What exactly is your reason for linking SciMag?
do you think it supports your non-mutation creationist ideals?

1 / 5 (2) Aug 23, 2015
I wrote: See also: Inching toward the 3D genome

this article in SciMag in NO WAY supports your claims about creationist dogma which you are continuing to proselytize here

please feel free to start quoting from the article and then explaining it


Do you not understand the links from this article to the other one? http://www.scienc....summary

Excerpt: "...researchers have learned that production of both hormones depends on the same rate-limiting enzymes. And Jerome Hui of the Chinese University of Hong Kong found that in both insects and crustaceans, the same set of micro RNAs control expression of the genes for those enzymes."

The links from nutrient-dependent microRNAs to the stability of all organized genomes via the physiology of reproduction are perfectly clear to everyone who is not a biologically uninformed science idiot. What don't you understand about the need to eat to survive and reproduce?
1 / 5 (2) Aug 23, 2015
It will be interesting if we could one day find the way to exploit that binding energy, to storage energy.

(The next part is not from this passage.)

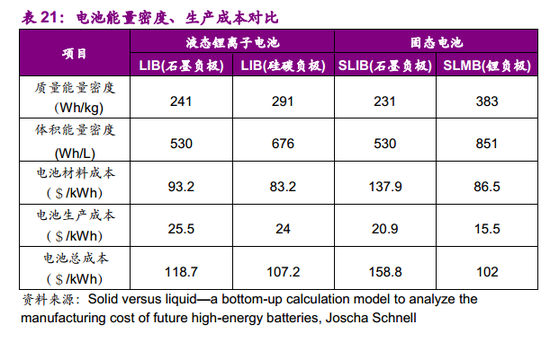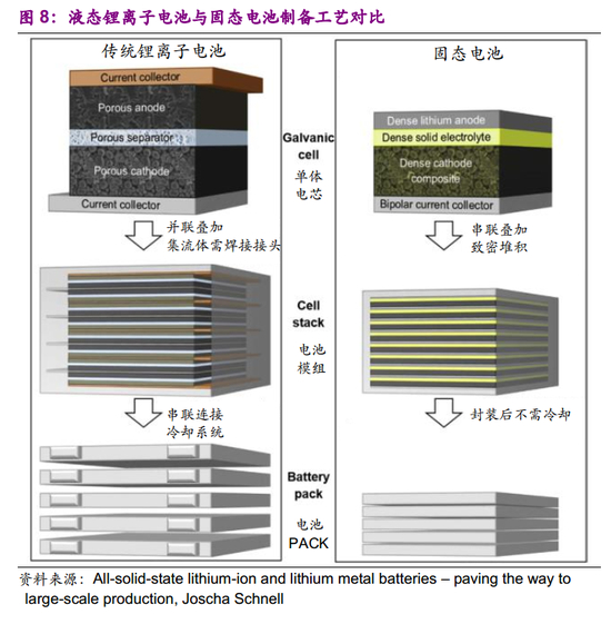 (3)固态电池可简化封装、冷却系统,电芯内部为串联结构,在有限空间内进一步缩减电池重量,体积能量密度较液态锂离子电池(石墨负极)可提升70%以上。液态锂离子电池以并联结构相接,封装复杂且体积庞大;固态电池无漏液风险,可简化冷却系统,电池以多电芯串联结构相接,优化电池封装,电池的体积能量密度大幅提升。

It would be interesting to discuss the "fifth force" in the context of binding energy that appears to untangle quantum entanglement and link the sun's biological energy, which is slowed on contact with water, to the UV light-induced de novo creation of nucleic acids and Schrodinger's ideas in "What is LIfe" to what is known now.

"Life is physics and chemistry and communication"

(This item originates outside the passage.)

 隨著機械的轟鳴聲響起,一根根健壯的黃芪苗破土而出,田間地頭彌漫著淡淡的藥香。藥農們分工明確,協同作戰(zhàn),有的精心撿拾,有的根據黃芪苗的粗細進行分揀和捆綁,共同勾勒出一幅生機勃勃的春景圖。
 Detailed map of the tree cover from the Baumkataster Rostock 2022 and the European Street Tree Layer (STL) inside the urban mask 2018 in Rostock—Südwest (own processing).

Viruses perturb the communication, which is why they are linked to pathology by the mutations they cause.
Captain Stumpy
5 / 5 (1) Aug 23, 2015
Do you not understand the links from this article to the other one?
it isn't that at all... i like watching you explain all of what you THINK you are seeing while (continually) demonstrating that you are not capable of interpreting the science

that means: you think you are explaining something so you throw up a few links
to date, those links (when we've gotten feedback from authors) have demonstrated that you have no idea what you are talking about
you have a 100% fail rate when authors take the time to read your pseudoscience and actually respond. there are some who actually simply responded with "I don't argue pseudoscience with those who refuse to accept validated data"... much like most authors starting statements that have responded, but explained.

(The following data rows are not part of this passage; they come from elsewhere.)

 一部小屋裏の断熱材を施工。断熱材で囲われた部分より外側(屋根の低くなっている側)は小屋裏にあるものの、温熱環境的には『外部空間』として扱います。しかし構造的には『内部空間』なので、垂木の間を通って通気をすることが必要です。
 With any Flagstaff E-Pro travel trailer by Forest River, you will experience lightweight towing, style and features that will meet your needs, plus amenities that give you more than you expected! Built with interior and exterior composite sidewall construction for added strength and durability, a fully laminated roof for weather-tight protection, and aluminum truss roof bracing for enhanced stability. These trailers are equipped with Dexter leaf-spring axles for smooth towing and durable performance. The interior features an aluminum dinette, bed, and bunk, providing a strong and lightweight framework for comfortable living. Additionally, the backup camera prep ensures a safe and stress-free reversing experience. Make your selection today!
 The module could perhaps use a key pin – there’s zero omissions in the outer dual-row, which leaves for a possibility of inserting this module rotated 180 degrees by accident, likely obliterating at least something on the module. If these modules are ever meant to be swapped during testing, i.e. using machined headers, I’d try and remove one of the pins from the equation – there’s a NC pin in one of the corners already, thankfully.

so... clear the air, tell everyone WHY YOU THINK the articles are related and how they are related!
or shall we just ask the authors again?
Captain Stumpy
5 / 5 (1) Aug 23, 2015
post script...
a good demonstration of your continued misinterpretation is in your reply above: you replied
Do you not understand the links from this article to the other one? http://www.scienc....summary
lets see... that link you gave is NOT the link you used above, which is different
Re: "...the metabolic reactions inside a living organism..."
See also: Inching toward the 3D genome http://www.scienc...10.short
which i accurately discussed, but you can't seem to get even the basics correct

why is that?
is it because you failed out of college? [self admitted]
or is it because of your intentional fundamentalist religious proselytizing?